The Messenger
What’s the worst job in the world? Lindsay Lohan’s publicist? Rand Paul’s press secretary? Any job that involves being around Sarah Palin? I don’t really know what is the worst, but all kidding aside, notifying next of kin that their son or daughter or husband or wife has been killed in Iraq or Afghanistan has to be in the Top 10. They used to send out telegrams: “The Secretary of War regrets to inform you …” There was a pretty good movie called The Human Comedy where Mickey Rooney played a Western Union messenger boy. Ordinary people didn’t get many telegrams in the 1940s. If you saw him bicycling up to your door and you had a boy in uniform, you had a pretty good idea what the news was going to be. I remember thinking this had to be one of the worst jobs in the world.
Since Vietnam we have notified NOKs (Next of Kin) in person.
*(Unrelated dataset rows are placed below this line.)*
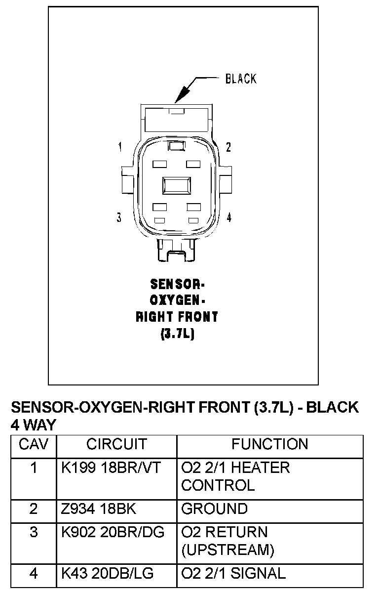 Sensor-Oxygen-Right Front (3.7L)-Black 4 Way:
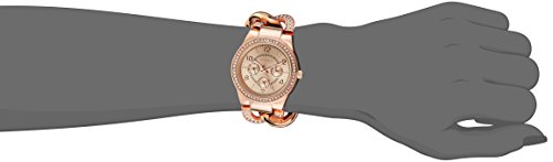 -. Feature : Rose-tone watch featuring Arabic numerals, luminescent baton hour markers and three subdials / Japanese-quartz movement with analog display / Mineral crystal dial window / Features genuine crystals on bezel and bracelet / Link bracelet with jewelry-clasp closure / Not water resistant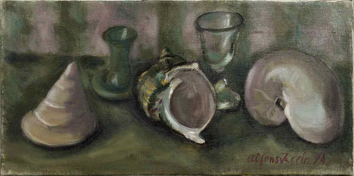 1994 Zwei Muscheln, Nautilus, Gläser auf grün (49x24) #038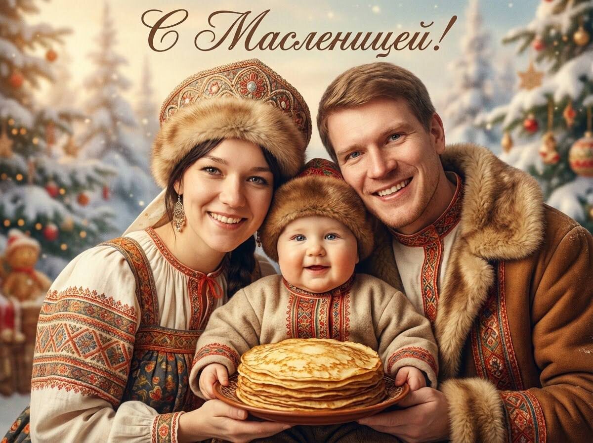 ✨ Промт ⬇️ Сохрани внешность без изменений. Экстремально крупный, близкий портрет. Лицо полностью узнаваемое, фотореалистичные, естественные. Тёплая семейная композиция: по бокам взрослые, в центре дети (ребёнок). Лица близко друг к другу, лёгкие естественные улыбки, ощущение уюта и праздника. Полностью замени одежду и обувь на традиционные русские праздничные наряды в стиле Масленицы: светлые народные костюмы с вышивкой и меховыми элементами. Женщины в кокошниках, подобранных по полу и возрасту. Фон: мягкий зимний сказочный пейзаж, снег, праздничная атмосфера. В руках центрального персонажа (преимущественно ребёнка) тарелка со стопкой румяных блинов. Над изображением винтажная надпись: «С Масленицей!» Цвета: мягкие тёплые оттенки, уютный свет, винтажная открытка, атмосферно, празднично, фотореализм. 🤖 Попробовать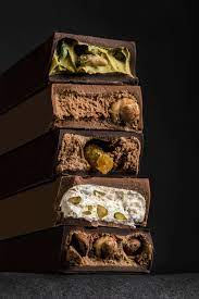 Mais aussi des crocos racés, des rochers pailletés de blé malté, et des pâtes à tartiner difficiles à étaler mais délicieuses à boulotter, dont un canon combo pistaches, éclats de macaron et fleur de sel également décliné en dés.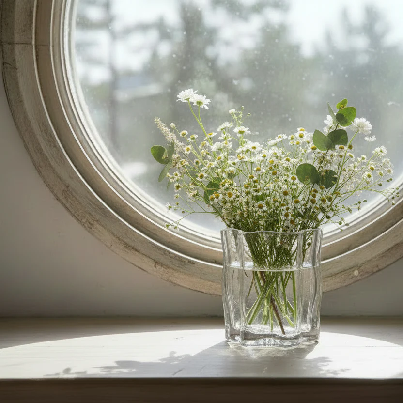 Klarglaset framhäver ljusets lyster och ger ett lätt, luftigt uttryck som lyfter rummet.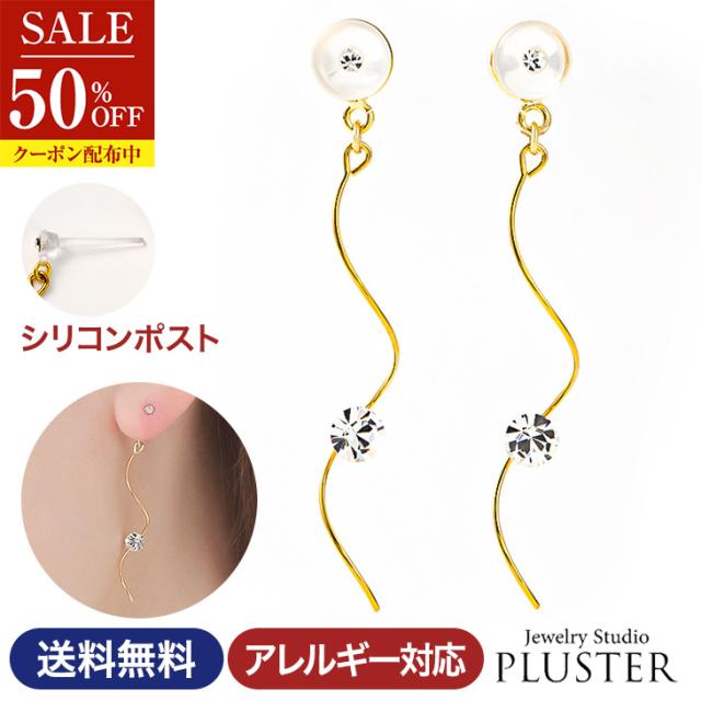 半額 ピアス レディース 18金 アレルギー対応 セカンドピアス シリコン ポスト シリコンポスト バックキャッチ 揺れる ロング キャッチ スタッド 両耳 18k k18 ゴールド 大ぶり シンプル つけっぱなし ジュエリー 送料無料 誕生日 クリスマス プレゼント 女性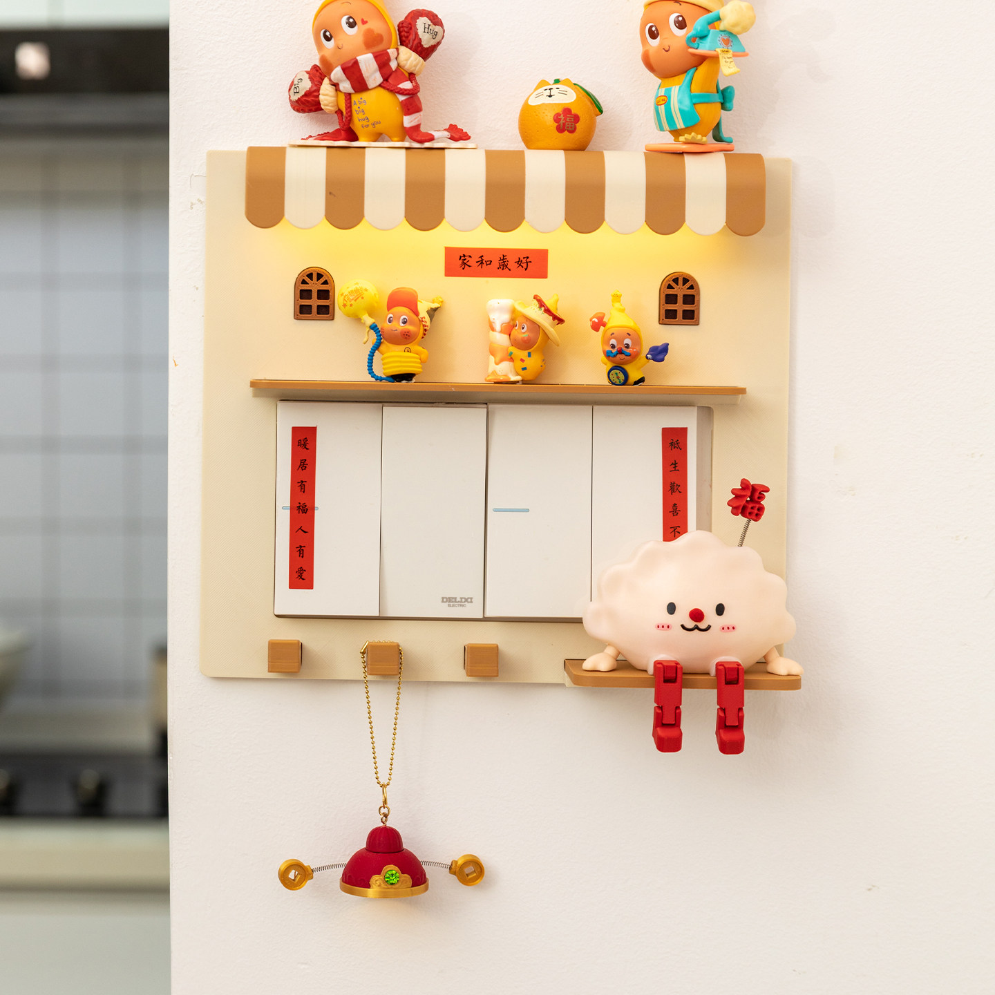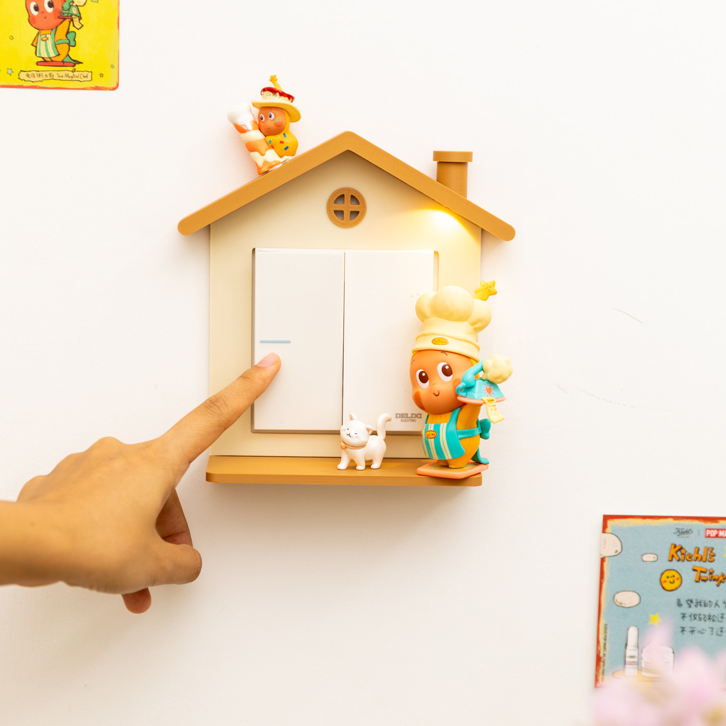 阿楹 立体客厅儿童房墙面玄关挂饰壁灯画开关遮挡摆件盲盒展示架

I assume the title of this film comes from the saying “Don’t shoot the messenger.” Nobody blamed the Western Union boy, but some of these people would really like to shoot these messengers. (Steve Buscemi plays one of them, heart-wrenchingly.) There they stand in their crisp uniforms, representing the very government that their loved one died for—and in the minds of many, including me, died for no good reason other than Dick Cheney’s grandiose plan to control all the oil in the Middle East—and they lash out. The messengers can get spit upon, shouted at, cursed, maybe even hit, and they have to stand there and take it. What else can they do? Others deny it, don’t want to hear it, clap their hands over their ears, others go a little insane. We see about half a dozen of these scenes, and they are very hard to watch. Very hard, in the sense that I cried through every one of them. But you have to watch, don’t you? At least, I felt that I had to.
The back stories of the two men with this awful duty are compelling, too, and the movie ends on at least a small note of hope and healing. Woody Harrelson … who would have guessed that he’d turn out to be as good as he has become? He got an Oscar nomination, and deserved it. His younger companion, Ben Foster, is also very good. He plays a scene in one very long shot with Samantha Morton (who we have loved since In America) that is just perfectly written and acted. See this one, even if you don’t really want to.